Hari took her notebook from her bag and opened it on the table. The crocodiles were piled up at the bottom of the page, crawling over one another, webbed feet and pale claws scratching at scaled faces, jaws snapping at passing tails. Hari hunched in her seat. She noticed the crooked teeth of one of them, the unshaded belly of another, a tail too long for its body, a leg too short for its huge foot. But Jonathan was smiling.

“I like it,” he said. “Can you give it to me?”

Hari sat up straighter. “You think it’s good?”

“No, it’s terrible. That one looks more like a sausage dog.”

He pointed out the wiggly formation of a crocodile nearer the top of the pile and chuckled. Hari looked at the desk instead.
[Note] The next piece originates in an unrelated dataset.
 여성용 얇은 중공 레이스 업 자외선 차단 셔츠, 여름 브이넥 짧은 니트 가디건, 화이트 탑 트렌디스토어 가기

“But I prefer it like that.”

She thought he was joking again, but the sincerest curve of the mouth rested on his face when she looked up at him. The smile spread to her before she could help herself.

“So, can I have it?”

Hari nodded, and let Jonathan tear the drawing from her notebook.

It was only when class ended that Jonathan turned to her and said, “I forgot to thank you.”
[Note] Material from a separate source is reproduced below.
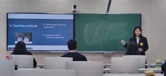 决赛中,每名选手按照抽签次序进行8分钟的说课展示,评委从教师素质、教学设计、教学手段、课件制作等方面给各位参赛选手打分。我校外国语学院的参赛选手沉着应战、发挥出色,经过激烈的角逐,取得了一等奖4名、二等奖3名的优异成绩,英语专业魏瑜芬、孙淑莉、何俊芳等老师被评为优秀指导教师。

“For what?” she said as she packed up her books.

“For the drawing.”

“Oh, ok. Go ahead.”

“Thank you for the drawing.”

“You’re welcome.”

*         *         *

Hari drew crocodiles every day for weeks. She practiced the same image over and over again, trying to get the proportions right, trying to keep her lines straight and not wiggly, trying to shade the right parts, until the drawings began to resemble the crocodiles in her textbook. She read the reptiles section of the textbook three times over and then ventured online, learning that crocodiles have the strongest bite of any animal in the world, and gharial crocodiles in particular are one of the longest types. She drew crocodile after crocodile after crocodile in every class except biology, where she alternated between sketching boys in sunglasses and books soiled in pencil markings.

When she was ready, Hari drew her final crocodile. It lounged in the centre of its own page on a throne of sand, beside a pool where the water rippled and glistened in sunlight. She folded up the drawing and hid it between the pages of her notebook.

Jonathan had his pencil gripped between his teeth when he sat down beside her. He got out his textbook and didn’t say a word to her. Hari didn’t know what she was meant to say, so instead she took the folded drawing out from her notebook and flung it over to his side of the table.

Jonathan flinched like he’d been attacked. He unfolded the drawing and stared down at it for a moment before turning to Hari. “What’s this?”

“I drew it for you.”

“Why?”

“Because you liked the crocodiles I drew. This one’s better.”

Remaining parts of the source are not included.